The rooms in our house in New England ranged from 10 to 60 years old and the insulation ranged from "shitty" to "nil." In fact when we opened the walls to convert the dining room into a bedroom for Bug, we found ZERO insulation, just the backside of the wooden siding. We added as much insulation as we could as we remodeled, but he house was never, ever warm enough. The wide master bedroom had too many windows to stay warm, in spite of the fireplace. Oh, and the radiant heat in the ceiling kept the top of our heads warm. Yes, not the FLOOR, but the CEILING. (It made fabulous cracks in the plaster.) We didn't have a/c in that house, but somehow the summer stickiness was never as bad as the winter cold that seeped in everywhere in spite of our best efforts to weatherstripsealcaulkclogup every gap.
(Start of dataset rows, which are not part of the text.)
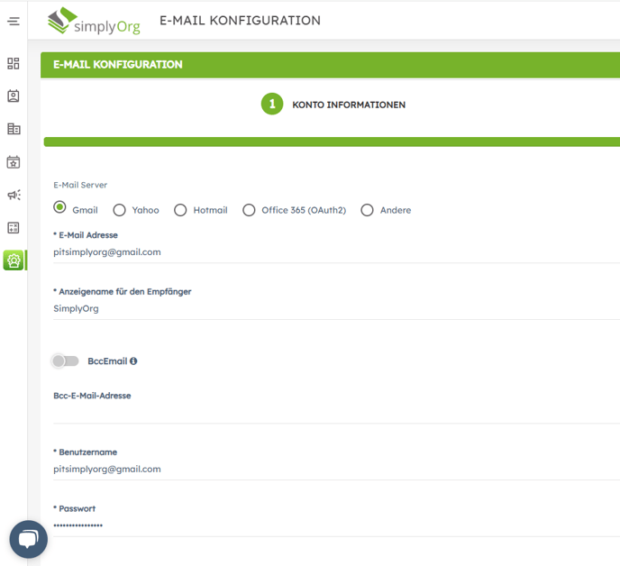 Einstellungen für E-Mails aus dem simplyOrg Backend
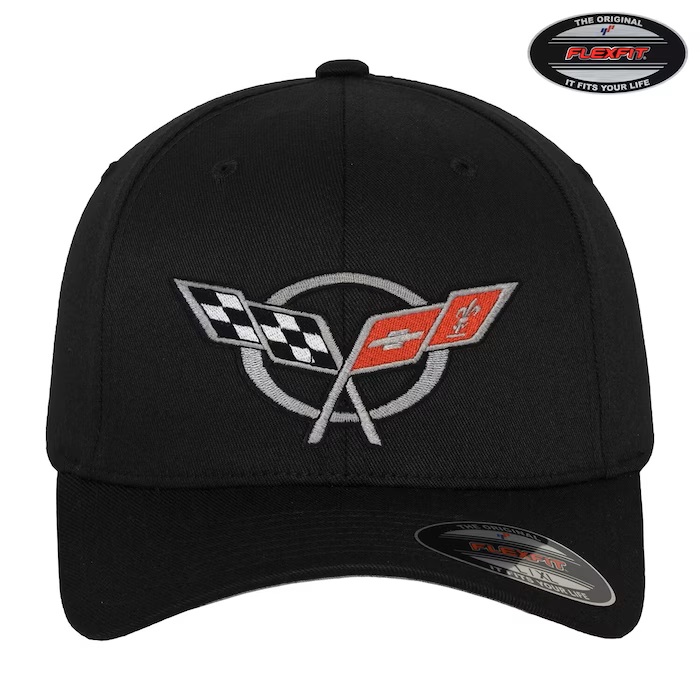 Lippis Corvette C5 Flags Flexfit. Kaarevalippainen, musta lippis.
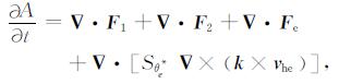 其中,下标“0 ”代表基本态,下标“e”代表扰动态.M0描述大尺度动、热力场的综合特征,Me包含大尺度和中尺度系统的综合信息,A是二阶扰动量,代表扰动能量,表征扰动水平风垂直切变和扰动散度与广义位温扰动梯度的耦合效应,称之为位势散度波作用密度(简称波作用密度).由于本文研究对象是中尺度扰动系统,因此本文重点关注A.

There, I dreaded stepping out of the shower. I knew that the moment I stepped out, I would be sucked into the cold black hole.
Have you been to the cold black hole? When you feel so cold that you feel hopeless and vaguely scared and know in your soul that you will never, ever feel completely warm again?
Sometimes, while I am in the cold black hole I experience intense déjà vu. Suddenly I am transported to a dark mornings, circa 1985, and I am walking to the bus stop--perhaps the most excruciating of all cold. Maybe I never had a warm enough coat, or maybe I was too cool to wear enough layers.* All I really remember well is the wind pressing against my coat, my fingers freezing inside of my gloves, my nose running, numb toes, and the intense belief that my parents must really and truly hate us to make us stand on the corner waiting for the school bus rather than driving us in to school like our friends' parents did.
Tonight I shivered as I was getting into the shower. For the first time, it is less than 70 in here. It took a long time for the shower to heat up to the intense skin-pinking temperature that I prefer and while I waited I caught a glimpse of the cold black hole. Thankfully, it only lasted a second, but the feeling was as intense as ever. I've lived in Texas for almost 8 (non-consecutive) years but I'm still a Northern girl, conditioned to dread the cold in whatever form it takes.
*Around that time, my parents bought us all puffy down coats for Christmas. For whatever reason, they bought ski jackets for my sisters and for me a god-awful lilac colored knee-length puffy coat. I felt like a purple snowman. I never, ever wore it. I think that it really hurt their feelings but I didn't care. I was willing to brave the cold black hole to avoid wearing that stupid, horrible coat.